START Material for this task

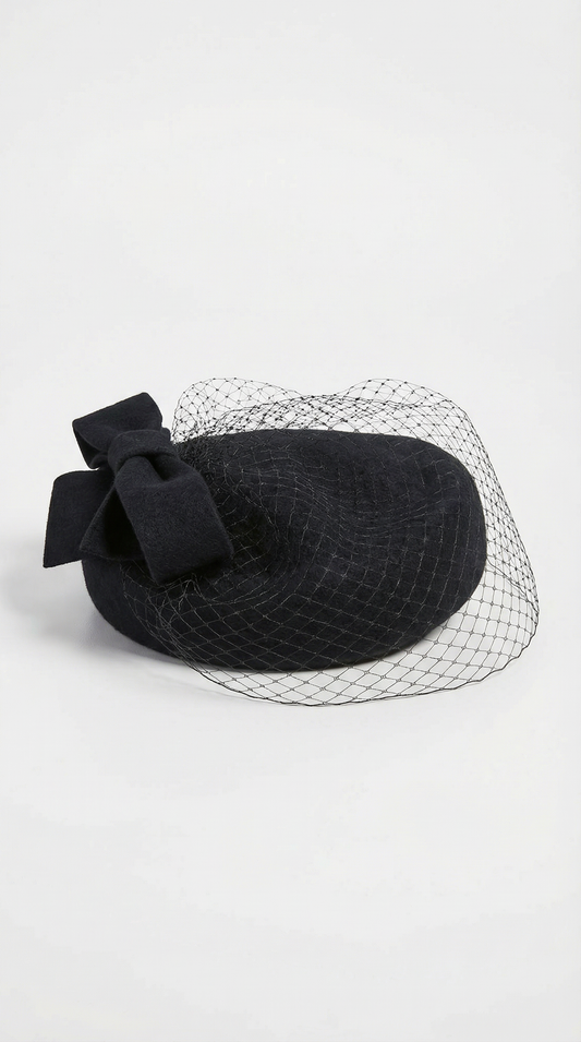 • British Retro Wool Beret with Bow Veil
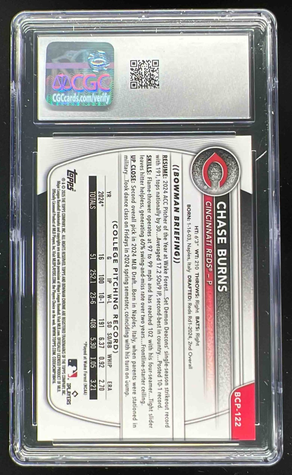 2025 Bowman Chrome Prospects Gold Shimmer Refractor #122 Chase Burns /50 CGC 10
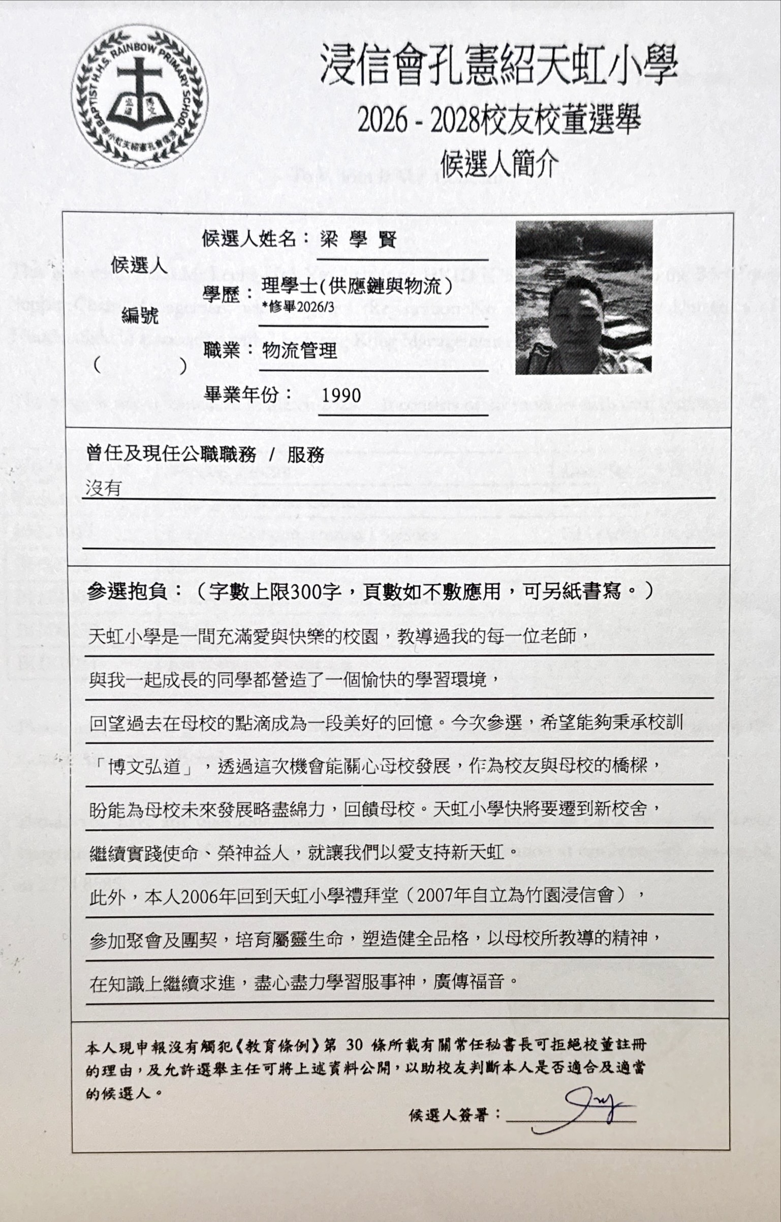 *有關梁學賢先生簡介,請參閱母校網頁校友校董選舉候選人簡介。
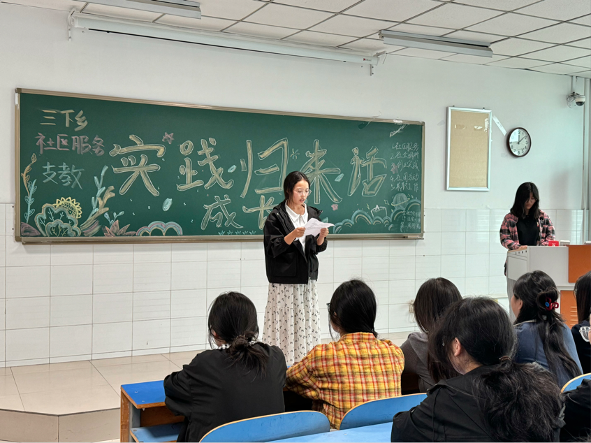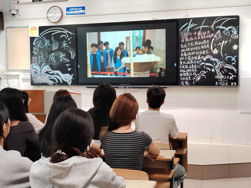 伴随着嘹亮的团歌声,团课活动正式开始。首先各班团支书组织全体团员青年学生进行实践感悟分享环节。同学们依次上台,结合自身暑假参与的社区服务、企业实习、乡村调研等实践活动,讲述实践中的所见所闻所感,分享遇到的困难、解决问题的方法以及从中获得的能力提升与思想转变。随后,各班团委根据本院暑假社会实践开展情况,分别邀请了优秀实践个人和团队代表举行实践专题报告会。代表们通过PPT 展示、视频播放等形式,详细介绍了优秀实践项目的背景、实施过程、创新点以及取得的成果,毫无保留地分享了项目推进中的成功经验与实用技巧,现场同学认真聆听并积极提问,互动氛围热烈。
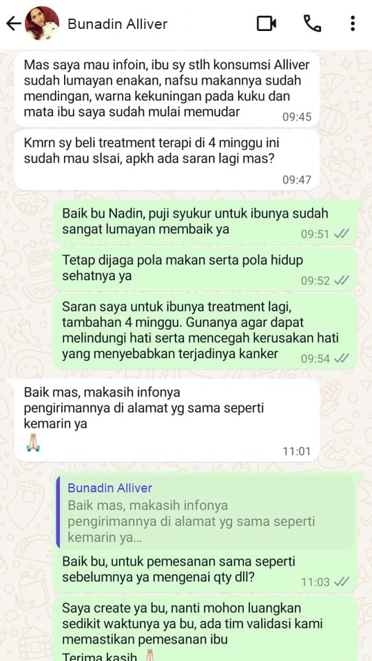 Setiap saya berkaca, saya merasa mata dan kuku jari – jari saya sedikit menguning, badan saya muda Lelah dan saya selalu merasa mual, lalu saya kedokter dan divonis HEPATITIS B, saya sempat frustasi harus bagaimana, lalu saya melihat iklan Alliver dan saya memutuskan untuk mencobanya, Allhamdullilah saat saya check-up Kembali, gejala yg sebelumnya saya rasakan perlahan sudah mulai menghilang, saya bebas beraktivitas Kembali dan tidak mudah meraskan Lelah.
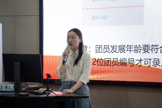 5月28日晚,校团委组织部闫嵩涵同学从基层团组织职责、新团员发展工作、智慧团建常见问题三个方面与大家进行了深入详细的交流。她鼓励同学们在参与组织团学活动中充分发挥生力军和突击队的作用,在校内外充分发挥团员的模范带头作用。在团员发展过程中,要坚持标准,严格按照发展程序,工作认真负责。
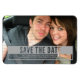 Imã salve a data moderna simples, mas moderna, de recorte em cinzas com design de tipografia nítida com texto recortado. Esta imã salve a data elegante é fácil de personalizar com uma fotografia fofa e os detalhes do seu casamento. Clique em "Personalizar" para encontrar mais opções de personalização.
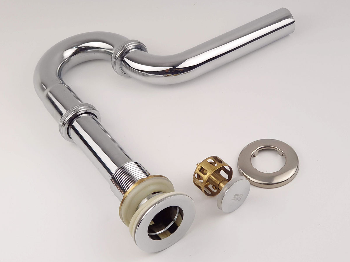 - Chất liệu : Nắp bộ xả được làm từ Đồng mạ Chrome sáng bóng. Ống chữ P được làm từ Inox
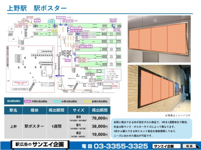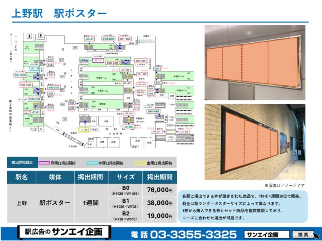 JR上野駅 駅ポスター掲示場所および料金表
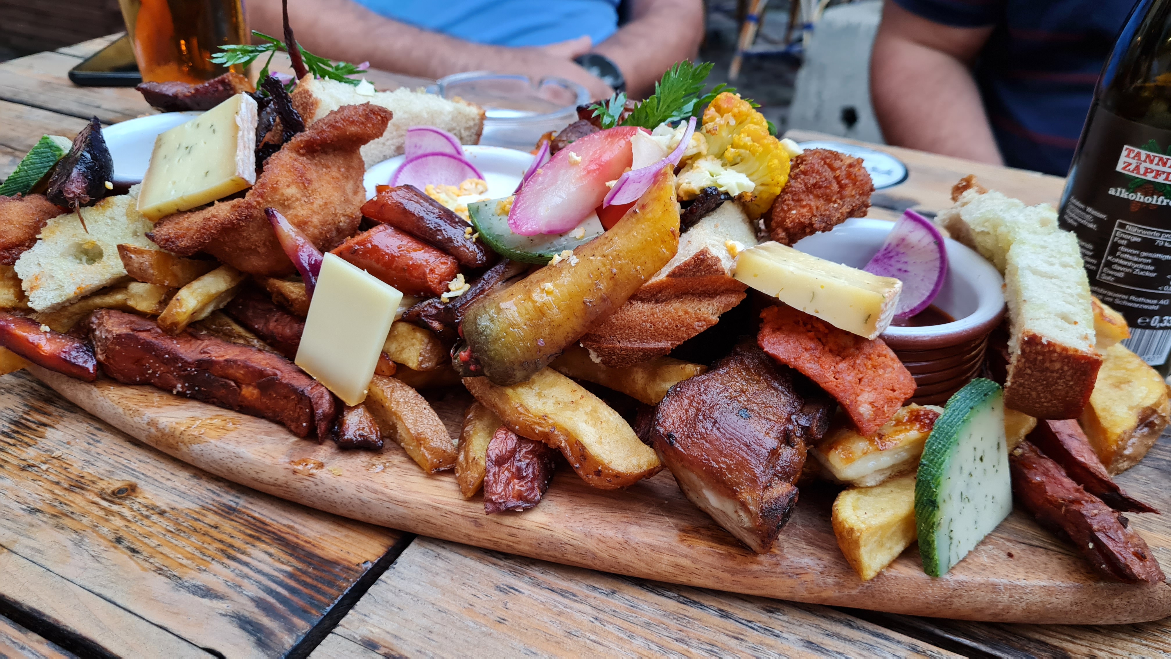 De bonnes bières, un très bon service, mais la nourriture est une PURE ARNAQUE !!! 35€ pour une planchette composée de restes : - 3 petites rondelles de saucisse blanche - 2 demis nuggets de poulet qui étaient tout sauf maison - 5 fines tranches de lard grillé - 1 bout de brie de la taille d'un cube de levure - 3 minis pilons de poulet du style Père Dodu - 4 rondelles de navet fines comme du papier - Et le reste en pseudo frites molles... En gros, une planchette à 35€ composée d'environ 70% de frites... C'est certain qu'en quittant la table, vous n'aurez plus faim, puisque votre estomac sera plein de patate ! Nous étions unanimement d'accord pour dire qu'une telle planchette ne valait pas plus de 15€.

END Material for this task

→ **Assignment**
Return each entry exactly as it appears above, but exclude the pictures.

→ **Final answer**
 • British Retro Wool Beret with Bow Veil
 2025 Bowman Chrome Prospects Gold Shimmer Refractor #122 Chase Burns /50 CGC 10
 *有關梁學賢先生簡介,請參閱母校網頁校友校董選舉候選人簡介。
 伴随着嘹亮的团歌声,团课活动正式开始。首先各班团支书组织全体团员青年学生进行实践感悟分享环节。同学们依次上台,结合自身暑假参与的社区服务、企业实习、乡村调研等实践活动,讲述实践中的所见所闻所感,分享遇到的困难、解决问题的方法以及从中获得的能力提升与思想转变。随后,各班团委根据本院暑假社会实践开展情况,分别邀请了优秀实践个人和团队代表举行实践专题报告会。代表们通过PPT 展示、视频播放等形式,详细介绍了优秀实践项目的背景、实施过程、创新点以及取得的成果,毫无保留地分享了项目推进中的成功经验与实用技巧,现场同学认真聆听并积极提问,互动氛围热烈。
 Setiap saya berkaca, saya merasa mata dan kuku jari – jari saya sedikit menguning, badan saya muda Lelah dan saya selalu merasa mual, lalu saya kedokter dan divonis HEPATITIS B, saya sempat frustasi harus bagaimana, lalu saya melihat iklan Alliver dan saya memutuskan untuk mencobanya, Allhamdullilah saat saya check-up Kembali, gejala yg sebelumnya saya rasakan perlahan sudah mulai menghilang, saya bebas beraktivitas Kembali dan tidak mudah meraskan Lelah.
 5月28日晚,校团委组织部闫嵩涵同学从基层团组织职责、新团员发展工作、智慧团建常见问题三个方面与大家进行了深入详细的交流。她鼓励同学们在参与组织团学活动中充分发挥生力军和突击队的作用,在校内外充分发挥团员的模范带头作用。在团员发展过程中,要坚持标准,严格按照发展程序,工作认真负责。
 Imã salve a data moderna simples, mas moderna, de recorte em cinzas com design de tipografia nítida com texto recortado. Esta imã salve a data elegante é fácil de personalizar com uma fotografia fofa e os detalhes do seu casamento. Clique em "Personalizar" para encontrar mais opções de personalização.
 - Chất liệu : Nắp bộ xả được làm từ Đồng mạ Chrome sáng bóng. Ống chữ P được làm từ Inox
 JR上野駅 駅ポスター掲示場所および料金表
 De bonnes bières, un très bon service, mais la nourriture est une PURE ARNAQUE !!! 35€ pour une planchette composée de restes : - 3 petites rondelles de saucisse blanche - 2 demis nuggets de poulet qui étaient tout sauf maison - 5 fines tranches de lard grillé - 1 bout de brie de la taille d'un cube de levure - 3 minis pilons de poulet du style Père Dodu - 4 rondelles de navet fines comme du papier - Et le reste en pseudo frites molles... En gros, une planchette à 35€ composée d'environ 70% de frites... C'est certain qu'en quittant la table, vous n'aurez plus faim, puisque votre estomac sera plein de patate ! Nous étions unanimement d'accord pour dire qu'une telle planchette ne valait pas plus de 15€.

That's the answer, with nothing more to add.